Dear Yana,
I’ve been with my boyfriend for a couple years now. We’re just now starting to experiment in our sex life. I’ve known how to make myself vaginally orgasm for a few years now. And he knows what positions I need to do to make this happen.
But it’s gotten to the point that if we have sex and I can’t have my orgasm, I get awfully bitter when he finishes. I have to fake a smile and pretend that it’s okay, but I’m usually so angry. Why can he finish, but I can’t?
When I try to talk with him about it he feels like I’m only into sex for the orgasm and not the intimacy. I want to be understanding but now that I know how to orgasm, if I can’t finish I’m angry and I have a hard time letting it go.
Am I silly?
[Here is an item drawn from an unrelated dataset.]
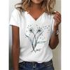 New Women T-shirt Simple Graphic Print Oversized Women's Trending Clothing Fashion Short Sleeve Shirt Women V-Neck Blouse 2024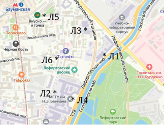Рис. 3. Расположение локаций. Локации Л1-Л4 находились около входов в учебные и жилые корпуса МГТУ, а Л5 и Л6 – на близкорасположенных территориях общего пользования.

How do I remain content if he doesn’t let me orgasm, too?
Sincerely,
Bitter About It
Dear Bitter,
If my partner was only concerned with their orgasm and had zero regard for mine, I might feel bitter, too. From your description, it sounds like you’ve tried to bring this issue up to him outside of a sexual context and to talk about what you desire from your sexual relationship with him, and that’s great.
I’m noticing that a lot of the language you use to describe this issue includes words that imply that your boyfriend’s in total control of your body and shared sexual experience: “I have to,” “he doesn’t let me,” and coming in at a grand total of being used three times in your 10-sentence email — “I can’t.”
Who died and made your boyfriend in charge of your sexual satisfaction?
You’ve done the work of getting to know yourself and your body, of unlearning whatever shame baggage you were gifted by the world around us (because, when it comes to sex, we’ve all got at least a little to carry), and to discover your vaginal orgasm. Woo! Then, you’ve communicated to your boyfriend what he can do to create mutual pleasure in your sexual interactions. He knows what to do. You know what to do. So what’s the hold up?
You don’t need to fake a smile and pretend that it’s okay. Because it really doesn’t sound like it’s okay. You say so yourself that you’re angry, bitter, and struggling to remain content with your sex life and, eventually I would imagine, your relationship in general.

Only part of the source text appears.